そして次も、その次も、更に次も、宅配の結果は変わらなかった。
真野来人が荷物を直接受け取ることはない、そして配達した部員が真野来人より速く部室へと戻れることもなかった。
彼は速い、圧倒的に速い。だが宅配の邪魔をするものではない。
高速系の部員に担当変更をするべきではないか?あるいは特例措置を認めるべきではないか?
そういった議論は幾度か上がったが、配置変更が宅配効率を変えるものではないとして措置は行われなかった。
そうして、真野来人は宅急部にとって取るに足らない一届け先となった。
……実際に宅配を担当する部員、ビンセント・タークハイツ以外にとっては。
―――
深見忌を殴り倒し、ビンセント・タークハイツは息をつく。
一戦目は遅れをとった。治療にも費用が掛かった、だが、まだ挽回は可能だ。
部のためにも借金を背負うわけには行かない。
勝てる相手を見繕い、狩る。そうやって賞金を稼がねばならない。
なすべきことも、そのための方法も彼は理解していた。
グラウンドに轟音が響く、視界の端で土煙が見える。
聞くものが聞けば突風としか聞こえないであろう。
だが、ビンセント・タークハイツにははっきりと理解できる。
それは屈辱の音
それは敗北の音
――ビンセント・タークハイツはあらゆる最速をあざ笑う。己の土俵の上では敵でないとあざ笑う。
――それはすなわち、裏を返せば真っ向からでは追いつけぬと認めている、ということである。

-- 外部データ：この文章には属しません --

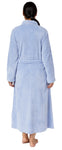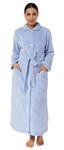 Button Through dressing gown with a collar, 2 pockets and tie belt, this gown has white piping around the collar and on the pockets, can be worn without the belt.
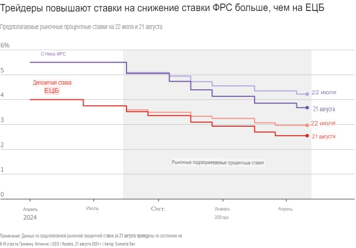 Напротив, трейдеры считают, что ФРС снизит ставки на 94 базисных пункта на трех оставшихся заседаниях в этом году, что подразумевает три снижения ставок на 25 базисных пунктов, с большой вероятностью одного более значительного шага. Это изменение примерно на 30 б.п. по сравнению с началом августа; цены инструментов на будущую ставку ЕЦБ изменились гораздо меньше.
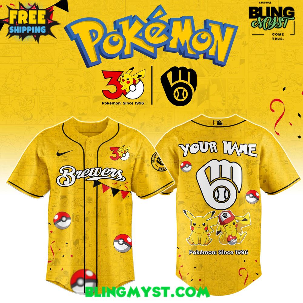 The striking electric yellow base is heavily detailed with dynamic confetti patterns and classic Pokéballs, beautifully highlighting the Brewers script on the chest and an exclusive Pikachu 30 commemorative graphic.
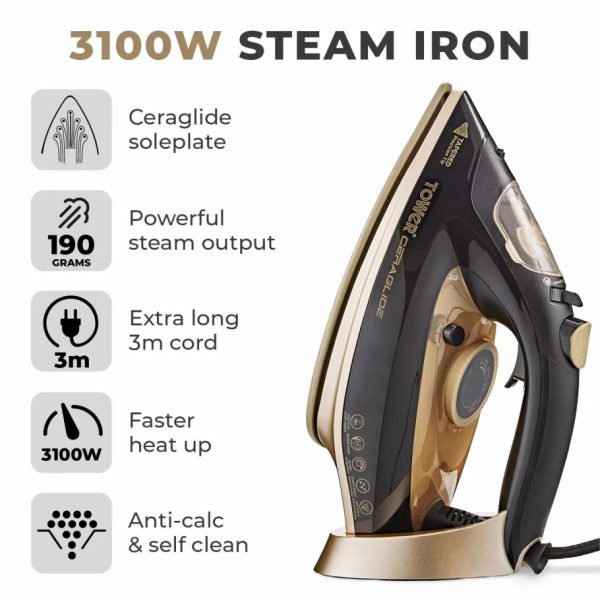 Tower Housewares Corded Irons | Homeware Ceraglide W Steam Iron Black
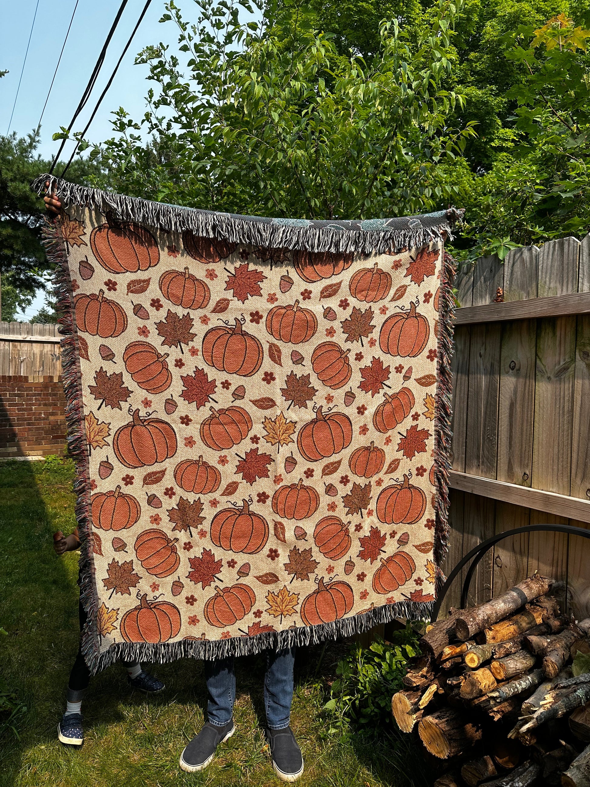 Fall Woven Blankets with pumpkin and autumn leaves.
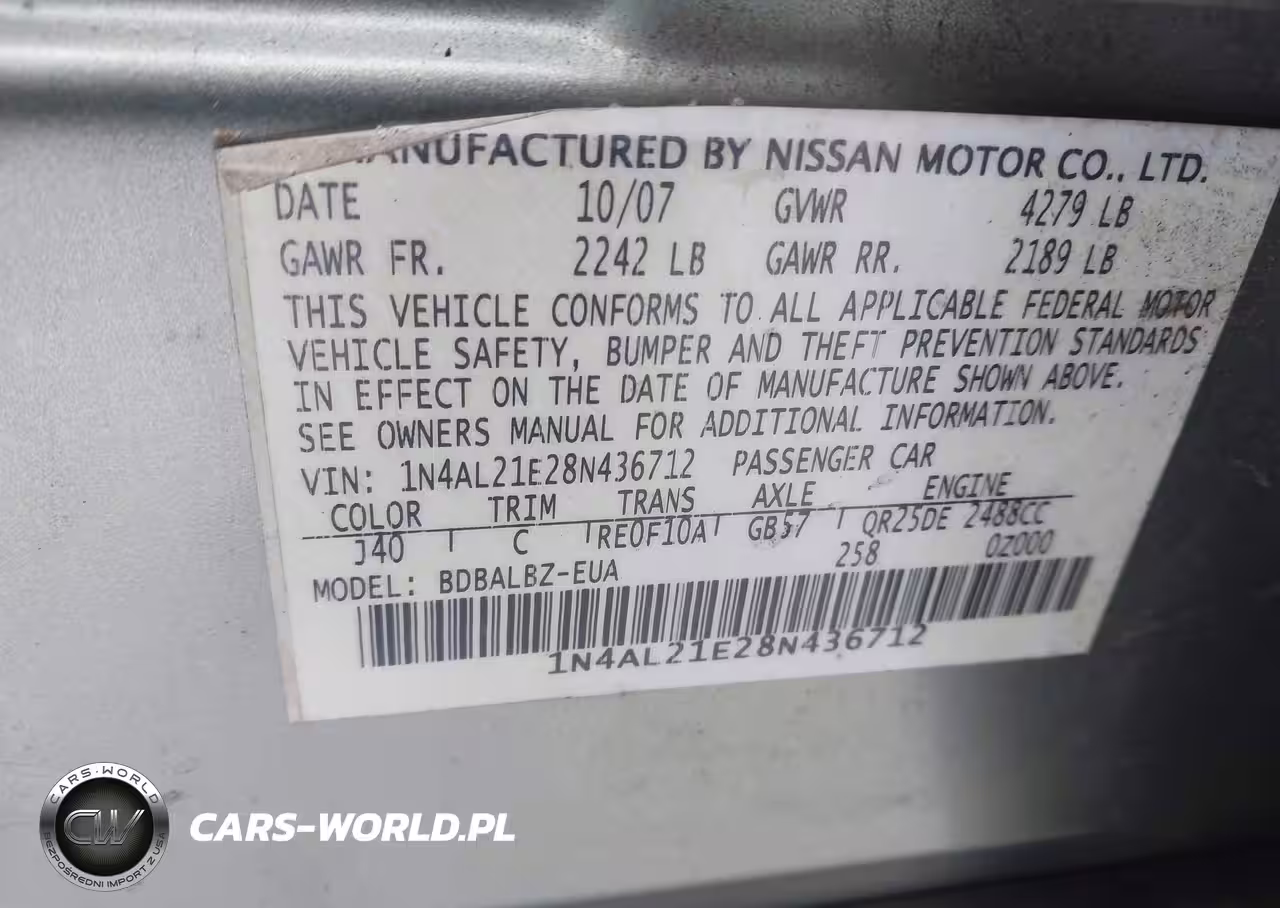 IAAI Nr: I-44339876 VIN: 1N4AL21E28N436712 Port: Elizabeth, NJ
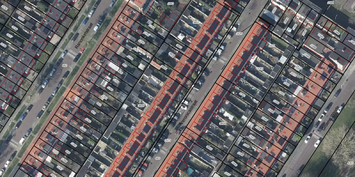 Het perceel waarop Veronicastraat 22 staat heeft een oppervlakte van 2982 m². Dit is een zeer groot perceel. De perceeloppervlakte wordt geregistreerd door het Kadaster. Gedetailleerde informatie over de maten van dit perceel kunt u vinden in het rapport Kadastrale kaart met maatvoering van Veronicastraat 22.
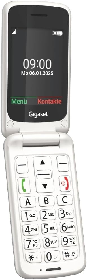 Открийте мобилния телефон Gigaset GL595 2G с разгъващ се капак: С големи бутони, лесен за четене размер на шрифта, практичен IP44 сертификат и три бутона за бързо набиране.

足音に速度の衰えは感じられない。対して、自分は深見の能力で手傷を負っている。
勝ちが見込める相手ではない。
万が一勝てたとしても、被害は甚大であろう。
戦う理由は―――
足音の先へと回りこむように走りだす。背後から追いつくことは不可能だ。待ち構え、カウンター気味に拳を叩き込む。それで一撃だ。相手は速いだけだ。耐久力はない。ベストなタイミングで、相手の速度をも乗せてこの拳さえ当てられれば無力化することは出来る。拳を固め、息を吐く。狙うはただ、一交差。
――戦う理由は、己の誇り以外に何が必要だろうか。
土煙を上げて走る真野が視界に入る。
ビンセントは右拳を構え……………
――――
追うものは、常に先行者の背中を見続けることになる。
そこに何を感じるかは個々人で異なる。
屈辱か、感服か、畏怖か、あるいはそれ以外の何かであろうか。
だが、追う者が何を感じようと先行者には届かない。
走りながら振り返る馬鹿はいない。
後ろに何人いようと、最速で駆け抜ける者に見えることはない。
先行するものは、ただ孤独に先の風景をみるだけだ。
それは真野来人にとっても変わらない。
たとえビンセントが真野に対してどんな感情を抱いていようと、真野にとってはただの宅急部員であり。
――遅い
と、それ以上に抱くべき感情はない。
故に彼はすれ違う。ただ最速で、ビンセントの横を駆け抜ける。
ただ、少し、ああ邪魔だな、と思い。
すれ違いざま、左肩に引っかかった太い棒のようなものを振り落とした
あとに残されるのはただ一人、右腕を失ったビンセント・タークハイツのみである。